→ WHAT YOU SHOULD DO:
Below is a listing. Quote from it, exactly, the lines from the one containing "Thick, stir-fried spaghetti" down to the one containing "Located at Fifth", both ends included, and nothing else.

→ INPUT RECORDS:
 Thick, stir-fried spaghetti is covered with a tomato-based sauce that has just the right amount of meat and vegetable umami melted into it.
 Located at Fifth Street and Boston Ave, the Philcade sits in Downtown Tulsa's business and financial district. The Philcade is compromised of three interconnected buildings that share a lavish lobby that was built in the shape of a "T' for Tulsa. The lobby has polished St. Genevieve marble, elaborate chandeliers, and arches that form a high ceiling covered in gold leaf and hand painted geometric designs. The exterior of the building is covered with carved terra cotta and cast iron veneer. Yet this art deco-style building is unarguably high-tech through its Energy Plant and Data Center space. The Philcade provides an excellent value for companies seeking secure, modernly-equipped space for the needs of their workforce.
--
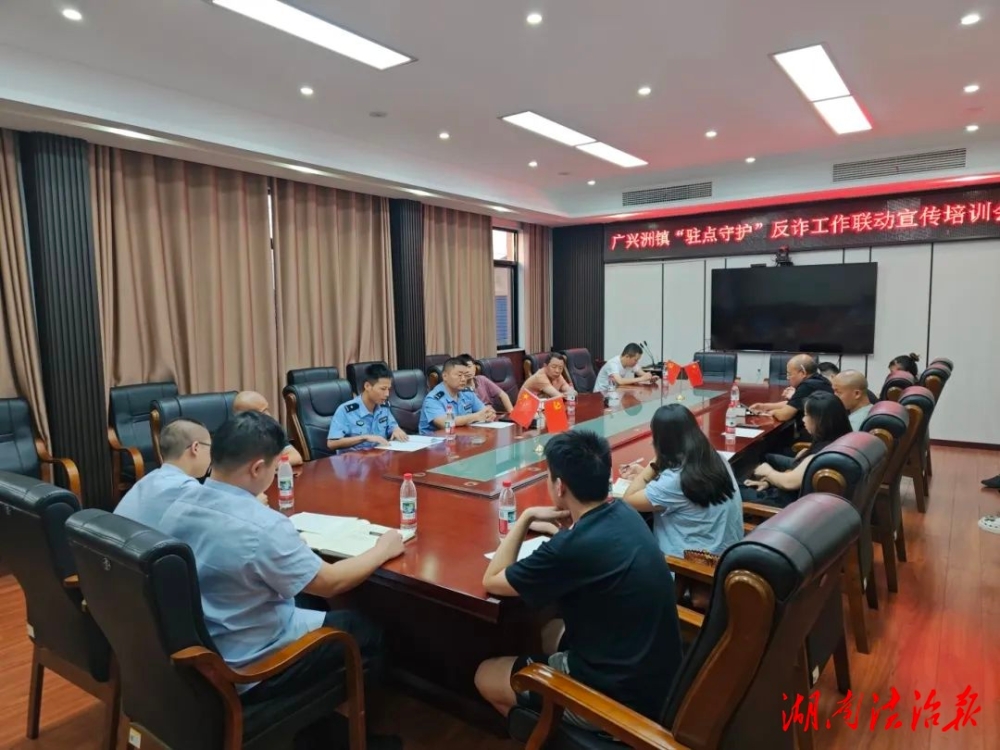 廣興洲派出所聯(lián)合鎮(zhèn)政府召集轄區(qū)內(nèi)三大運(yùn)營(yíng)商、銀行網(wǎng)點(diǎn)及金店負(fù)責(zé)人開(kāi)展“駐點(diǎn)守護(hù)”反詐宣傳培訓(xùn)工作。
* * *
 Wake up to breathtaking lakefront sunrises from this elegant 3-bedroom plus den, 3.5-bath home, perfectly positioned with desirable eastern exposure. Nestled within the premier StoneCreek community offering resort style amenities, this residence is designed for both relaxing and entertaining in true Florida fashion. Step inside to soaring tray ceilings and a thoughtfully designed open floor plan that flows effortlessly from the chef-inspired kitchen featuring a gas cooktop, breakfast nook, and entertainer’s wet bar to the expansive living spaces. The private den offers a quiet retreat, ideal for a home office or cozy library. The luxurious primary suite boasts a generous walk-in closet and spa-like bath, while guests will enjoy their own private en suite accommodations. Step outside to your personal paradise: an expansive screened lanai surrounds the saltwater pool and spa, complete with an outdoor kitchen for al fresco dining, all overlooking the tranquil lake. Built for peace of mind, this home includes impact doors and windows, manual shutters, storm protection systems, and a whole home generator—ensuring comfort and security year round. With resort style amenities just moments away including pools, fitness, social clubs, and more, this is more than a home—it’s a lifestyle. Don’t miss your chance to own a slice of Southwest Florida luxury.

→ RESPONSE BOX:
 Thick, stir-fried spaghetti is covered with a tomato-based sauce that has just the right amount of meat and vegetable umami melted into it.
 Located at Fifth Street and Boston Ave, the Philcade sits in Downtown Tulsa's business and financial district. The Philcade is compromised of three interconnected buildings that share a lavish lobby that was built in the shape of a "T' for Tulsa. The lobby has polished St. Genevieve marble, elaborate chandeliers, and arches that form a high ceiling covered in gold leaf and hand painted geometric designs. The exterior of the building is covered with carved terra cotta and cast iron veneer. Yet this art deco-style building is unarguably high-tech through its Energy Plant and Data Center space. The Philcade provides an excellent value for companies seeking secure, modernly-equipped space for the needs of their workforce.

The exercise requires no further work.